Problem:
All that is wanted is the exact lines from the first line of the data below through the line with "Wind Tunnel Exhibit, Ford", both ends included, with pictures omitted.

# # # # #

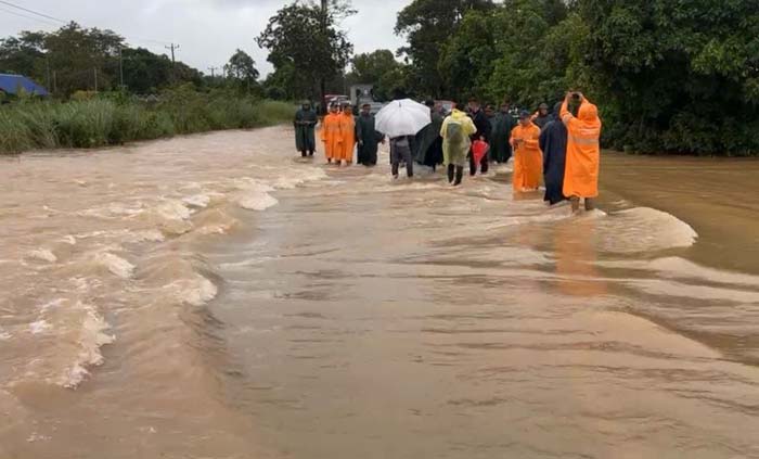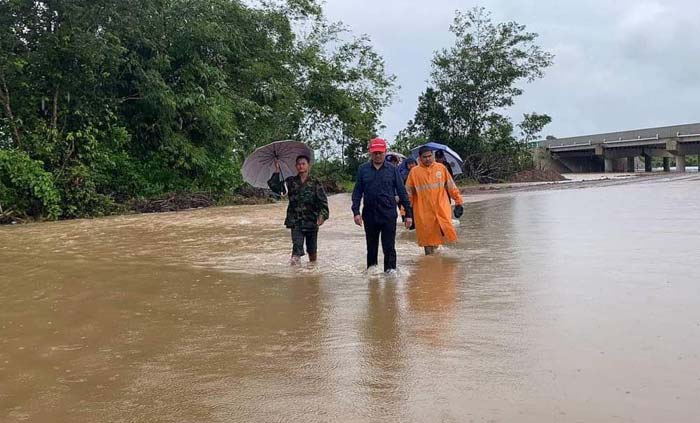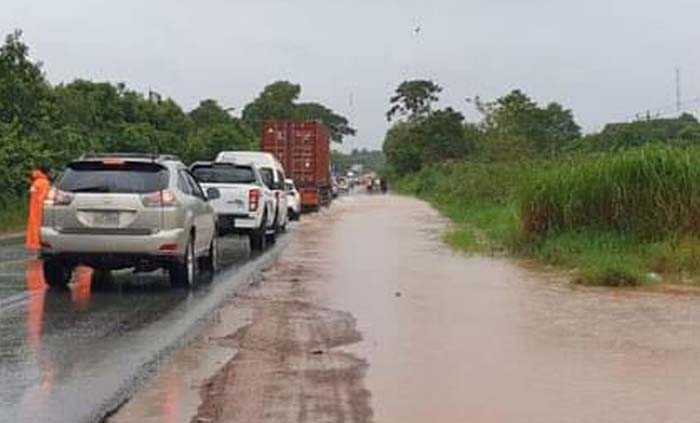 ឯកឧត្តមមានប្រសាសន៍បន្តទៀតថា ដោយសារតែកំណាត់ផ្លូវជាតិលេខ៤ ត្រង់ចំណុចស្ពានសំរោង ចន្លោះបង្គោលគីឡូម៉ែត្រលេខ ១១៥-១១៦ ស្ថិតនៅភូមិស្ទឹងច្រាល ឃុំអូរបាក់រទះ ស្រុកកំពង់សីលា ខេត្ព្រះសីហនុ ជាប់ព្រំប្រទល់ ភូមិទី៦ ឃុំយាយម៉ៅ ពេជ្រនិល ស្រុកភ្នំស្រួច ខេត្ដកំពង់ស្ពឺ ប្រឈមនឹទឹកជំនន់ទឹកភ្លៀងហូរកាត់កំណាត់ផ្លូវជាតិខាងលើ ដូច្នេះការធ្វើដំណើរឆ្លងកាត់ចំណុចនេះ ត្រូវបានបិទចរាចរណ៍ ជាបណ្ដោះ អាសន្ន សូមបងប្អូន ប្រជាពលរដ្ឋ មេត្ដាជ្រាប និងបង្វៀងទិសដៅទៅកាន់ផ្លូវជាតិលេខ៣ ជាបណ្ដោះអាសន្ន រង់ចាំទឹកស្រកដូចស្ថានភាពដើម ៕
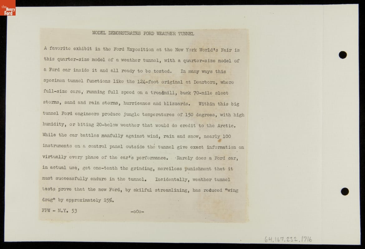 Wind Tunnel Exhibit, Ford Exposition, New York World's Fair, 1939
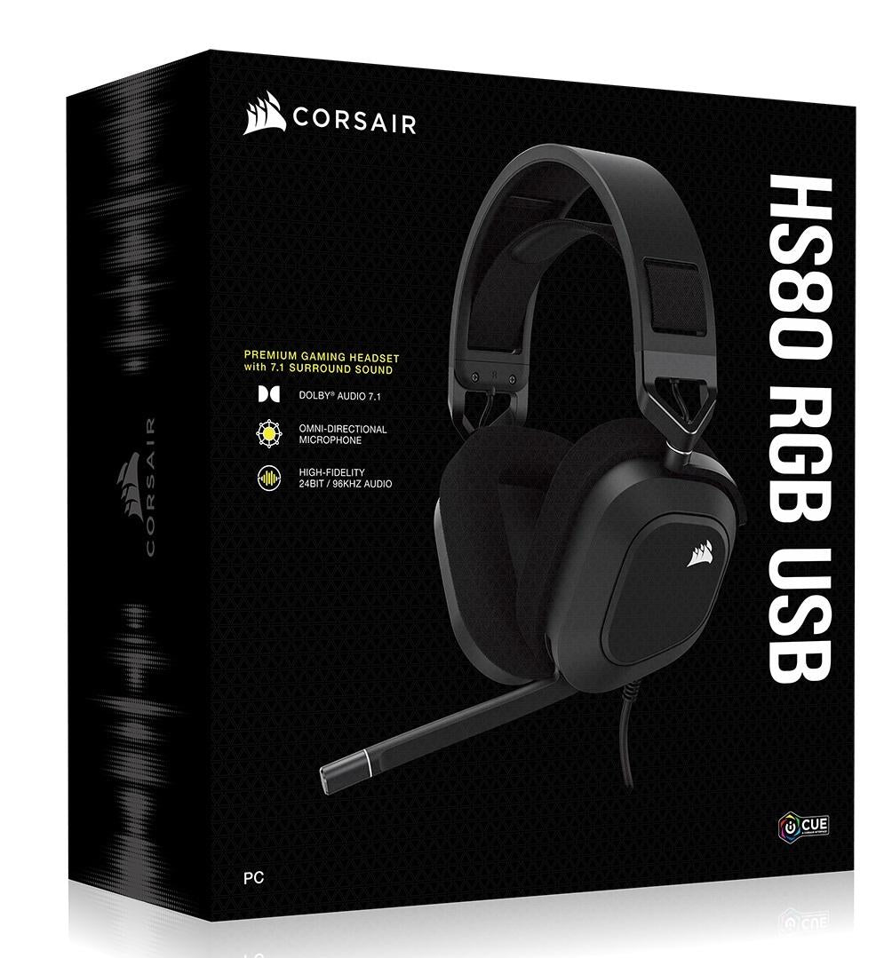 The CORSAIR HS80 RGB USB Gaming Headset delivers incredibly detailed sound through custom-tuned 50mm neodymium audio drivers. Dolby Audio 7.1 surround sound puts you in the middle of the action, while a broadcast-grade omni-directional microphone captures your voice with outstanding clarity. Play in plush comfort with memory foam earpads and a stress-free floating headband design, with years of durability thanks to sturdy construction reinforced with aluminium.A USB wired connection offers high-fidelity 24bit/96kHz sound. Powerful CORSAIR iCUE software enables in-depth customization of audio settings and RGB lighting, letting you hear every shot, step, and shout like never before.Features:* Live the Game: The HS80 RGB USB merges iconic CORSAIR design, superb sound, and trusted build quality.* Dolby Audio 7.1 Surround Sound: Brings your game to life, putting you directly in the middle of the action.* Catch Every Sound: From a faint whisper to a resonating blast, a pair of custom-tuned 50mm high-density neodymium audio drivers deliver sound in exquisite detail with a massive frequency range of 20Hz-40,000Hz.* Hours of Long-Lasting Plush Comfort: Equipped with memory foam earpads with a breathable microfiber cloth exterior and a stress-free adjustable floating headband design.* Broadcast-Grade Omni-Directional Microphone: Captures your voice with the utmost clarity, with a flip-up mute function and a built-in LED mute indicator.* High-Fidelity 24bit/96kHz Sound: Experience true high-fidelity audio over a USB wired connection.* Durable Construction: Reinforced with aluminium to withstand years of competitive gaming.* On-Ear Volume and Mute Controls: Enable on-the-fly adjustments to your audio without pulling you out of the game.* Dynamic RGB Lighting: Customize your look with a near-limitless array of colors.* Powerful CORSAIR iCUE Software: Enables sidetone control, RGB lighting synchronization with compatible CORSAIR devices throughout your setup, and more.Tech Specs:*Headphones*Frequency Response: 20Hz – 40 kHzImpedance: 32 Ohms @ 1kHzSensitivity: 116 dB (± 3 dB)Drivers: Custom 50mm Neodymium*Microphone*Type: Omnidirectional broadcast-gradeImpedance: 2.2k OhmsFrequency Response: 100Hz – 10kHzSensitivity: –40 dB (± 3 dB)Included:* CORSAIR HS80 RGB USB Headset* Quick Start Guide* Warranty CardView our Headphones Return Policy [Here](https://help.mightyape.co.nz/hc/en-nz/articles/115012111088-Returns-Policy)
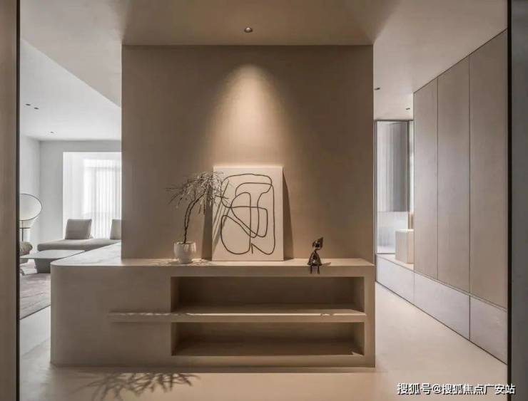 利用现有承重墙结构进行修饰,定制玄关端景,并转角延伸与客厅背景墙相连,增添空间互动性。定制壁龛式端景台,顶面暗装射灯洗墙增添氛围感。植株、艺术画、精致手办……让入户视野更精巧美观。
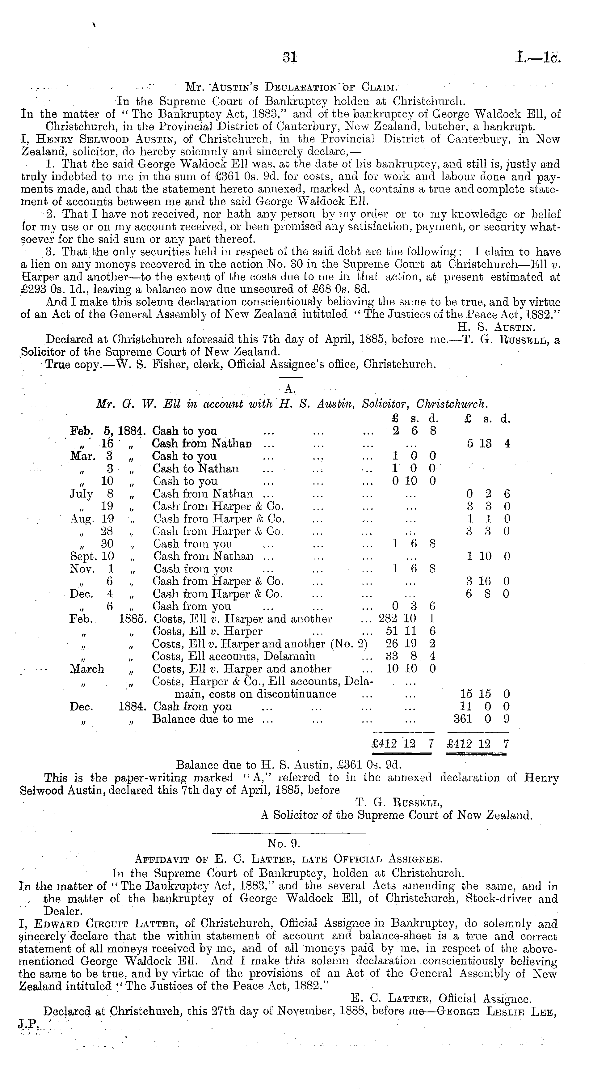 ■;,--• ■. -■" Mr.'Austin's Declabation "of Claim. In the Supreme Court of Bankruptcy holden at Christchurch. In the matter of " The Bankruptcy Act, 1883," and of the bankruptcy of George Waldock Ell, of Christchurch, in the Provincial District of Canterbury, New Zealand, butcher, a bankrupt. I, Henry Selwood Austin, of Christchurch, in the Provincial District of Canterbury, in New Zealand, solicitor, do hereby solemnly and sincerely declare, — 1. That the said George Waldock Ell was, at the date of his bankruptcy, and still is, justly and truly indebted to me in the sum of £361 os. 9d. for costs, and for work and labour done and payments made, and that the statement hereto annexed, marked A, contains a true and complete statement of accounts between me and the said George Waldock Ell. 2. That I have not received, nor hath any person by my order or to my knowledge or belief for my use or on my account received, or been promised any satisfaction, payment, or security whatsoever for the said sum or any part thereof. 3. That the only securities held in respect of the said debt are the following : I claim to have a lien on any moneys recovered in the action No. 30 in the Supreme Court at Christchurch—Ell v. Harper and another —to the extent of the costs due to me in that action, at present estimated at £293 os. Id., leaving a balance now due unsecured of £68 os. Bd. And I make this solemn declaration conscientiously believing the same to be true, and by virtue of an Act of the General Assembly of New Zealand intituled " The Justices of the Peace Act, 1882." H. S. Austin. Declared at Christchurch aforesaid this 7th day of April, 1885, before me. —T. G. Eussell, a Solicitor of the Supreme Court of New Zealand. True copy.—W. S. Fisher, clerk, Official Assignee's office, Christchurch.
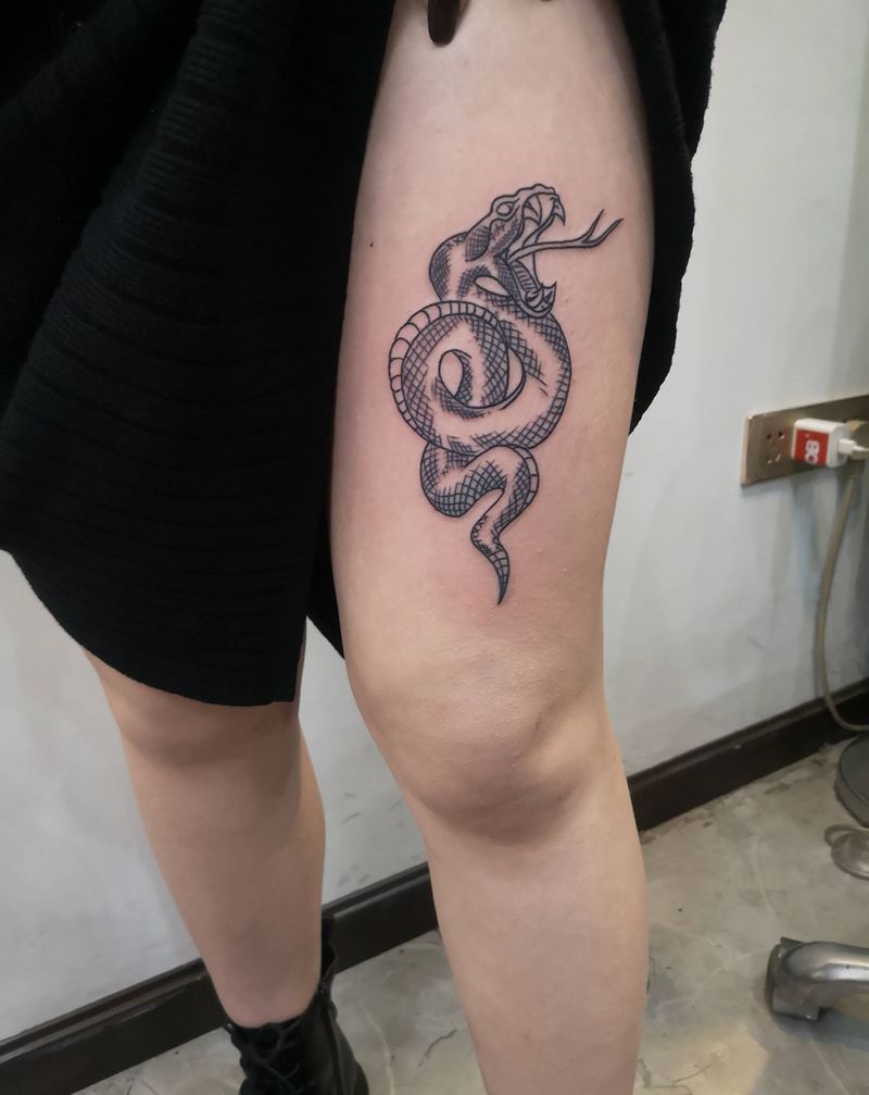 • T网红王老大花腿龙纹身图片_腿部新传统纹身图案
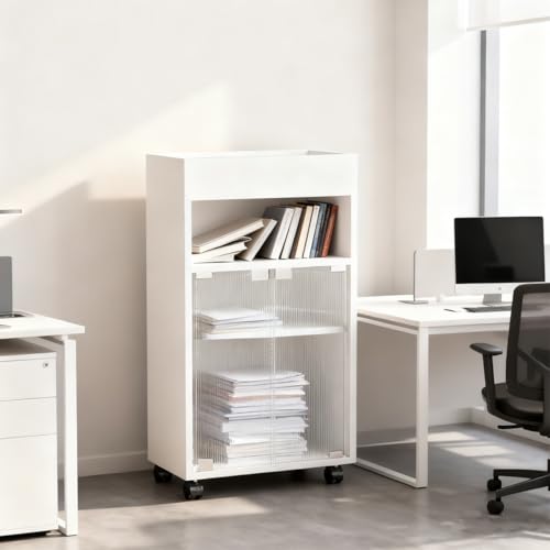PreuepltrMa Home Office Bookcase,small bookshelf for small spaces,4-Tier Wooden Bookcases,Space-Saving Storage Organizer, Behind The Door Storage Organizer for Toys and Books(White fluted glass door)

# # # # #

Answer space:
 ឯកឧត្តមមានប្រសាសន៍បន្តទៀតថា ដោយសារតែកំណាត់ផ្លូវជាតិលេខ៤ ត្រង់ចំណុចស្ពានសំរោង ចន្លោះបង្គោលគីឡូម៉ែត្រលេខ ១១៥-១១៦ ស្ថិតនៅភូមិស្ទឹងច្រាល ឃុំអូរបាក់រទះ ស្រុកកំពង់សីលា ខេត្ព្រះសីហនុ ជាប់ព្រំប្រទល់ ភូមិទី៦ ឃុំយាយម៉ៅ ពេជ្រនិល ស្រុកភ្នំស្រួច ខេត្ដកំពង់ស្ពឺ ប្រឈមនឹទឹកជំនន់ទឹកភ្លៀងហូរកាត់កំណាត់ផ្លូវជាតិខាងលើ ដូច្នេះការធ្វើដំណើរឆ្លងកាត់ចំណុចនេះ ត្រូវបានបិទចរាចរណ៍ ជាបណ្ដោះ អាសន្ន សូមបងប្អូន ប្រជាពលរដ្ឋ មេត្ដាជ្រាប និងបង្វៀងទិសដៅទៅកាន់ផ្លូវជាតិលេខ៣ ជាបណ្ដោះអាសន្ន រង់ចាំទឹកស្រកដូចស្ថានភាពដើម ៕
 Wind Tunnel Exhibit, Ford Exposition, New York World's Fair, 1939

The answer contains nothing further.